The de-modding of saney: he brought a perversion unmatched by many and the lack of shemale date stories brought things to a crawl. The azza effect: his presense here brought hundreds of posts and threads a day, mainly by tall paul, or whatever name he goes by now. SIL: his departure left us void of hilarity and organic surprises. Whether it be a recipe for saurkraut or an azza asshole photoshop, he contributed big. Chico: after being deported, his open chat contributions slowed down, which brought that section to a standstill. LAM: abducted by interdimensional entities, possibly at a rothschild underground base. He brought alternative wisdom and good reading. His departure left a hole in OC. If i left you out, you are not relevant and contributed nothing. As it stands, my barely legal thread is the sole traffic source for this site with thousands of views daily. Youre welcome prince.


----------



## dave 236 (Jan 20, 2015)

Yeah that about sums it up.   The like button and rep stars also discouraged some of the more needy and insecure among us....

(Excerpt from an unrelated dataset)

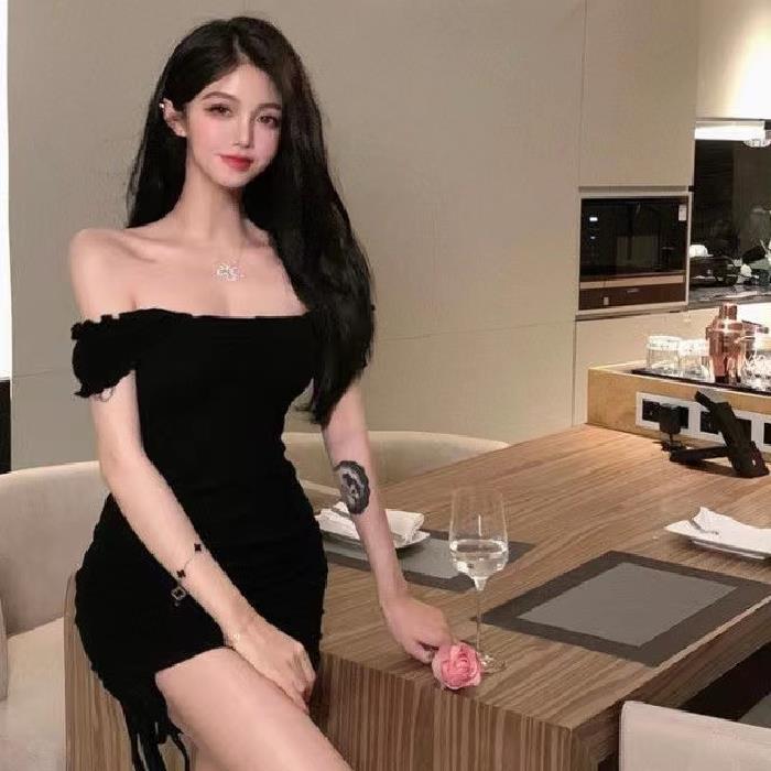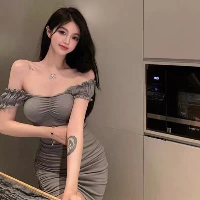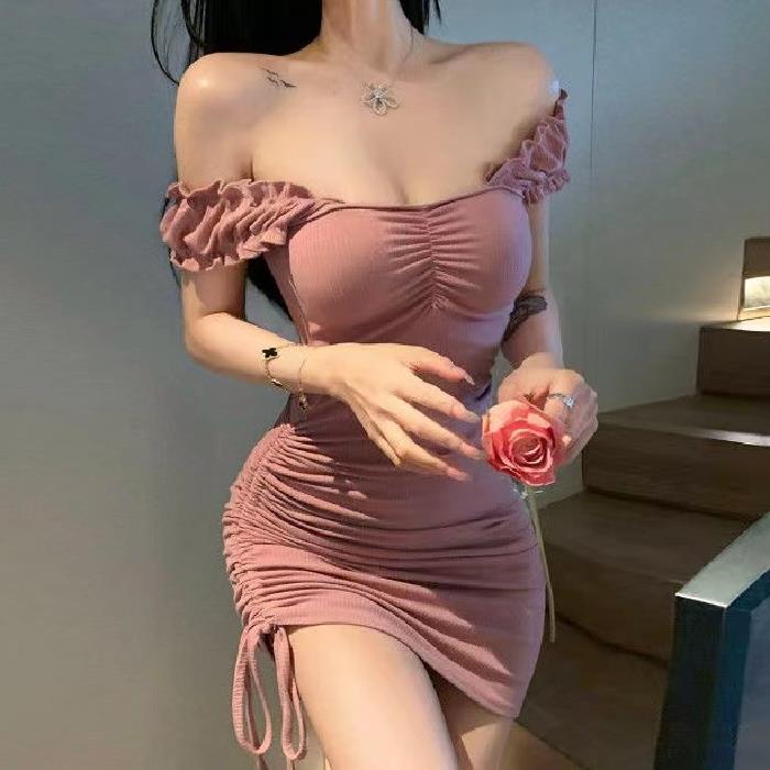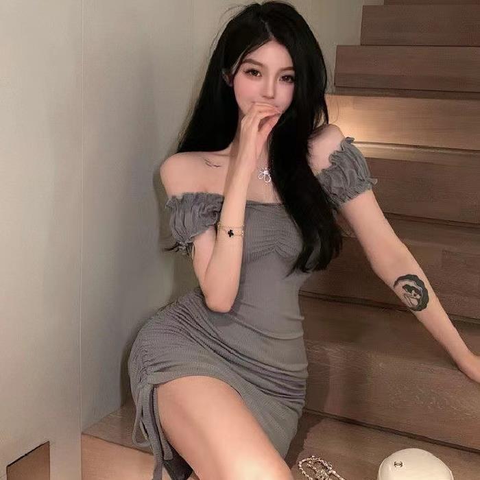 纯欲风一字肩包臀裙女夏新款辣妹甜美抽绳绑带小众收腰显瘦连衣裙

Sent from my DROID RAZR HD using Tapatalk


----------



## s2h (Jan 20, 2015)

SheriV said:


> I think im gonna be over here more again...
> 
> asf has been feeling a bit stale to me lately..dunno why.




Is this similar to you telling me my ballz tasted stale...but you continued to suxk them?


----------



## s2h (Jan 20, 2015)

SFW said:


> My observations as to what happened to this site: LW went awol and for some reason, many others followed suit. Unless they were all her other accounts, it seems her departure played a part. The modding of KOS: no idea why traffic slowed after he was modded, perhaps many ass hurt people felt betrayed, scared, or something. The supermodding of sheriV: all of the losers who stalk her thinned out once she stopped posting. They follow her on asf, twitter and probably instagram now.
> 
> The de-modding of saney: he brought a perversion unmatched by many and the lack of shemale date stories brought things to a crawl. The azza effect: his presense here brought hundreds of posts and threads a day, mainly by tall paul, or whatever name he goes by now. SIL: his departure left us void of hilarity and organic surprises. Whether it be a recipe for saurkraut or an azza asshole photoshop, he contributed big. Chico: after being deported, his open chat contributions slowed down, which brought that section to a standstill. LAM: abducted by interdimensional entities, possibly at a rothschild underground base. He brought alternative wisdom and good reading. His departure left a hole in OC. If i left you out, you are not relevant and contributed nothing. As it stands, my barely legal thread is the sole traffic source for this site with thousands of views daily. Youre welcome prince.




You shall recieve theCptns extra small IML used T-shirt nobody got for Christmas..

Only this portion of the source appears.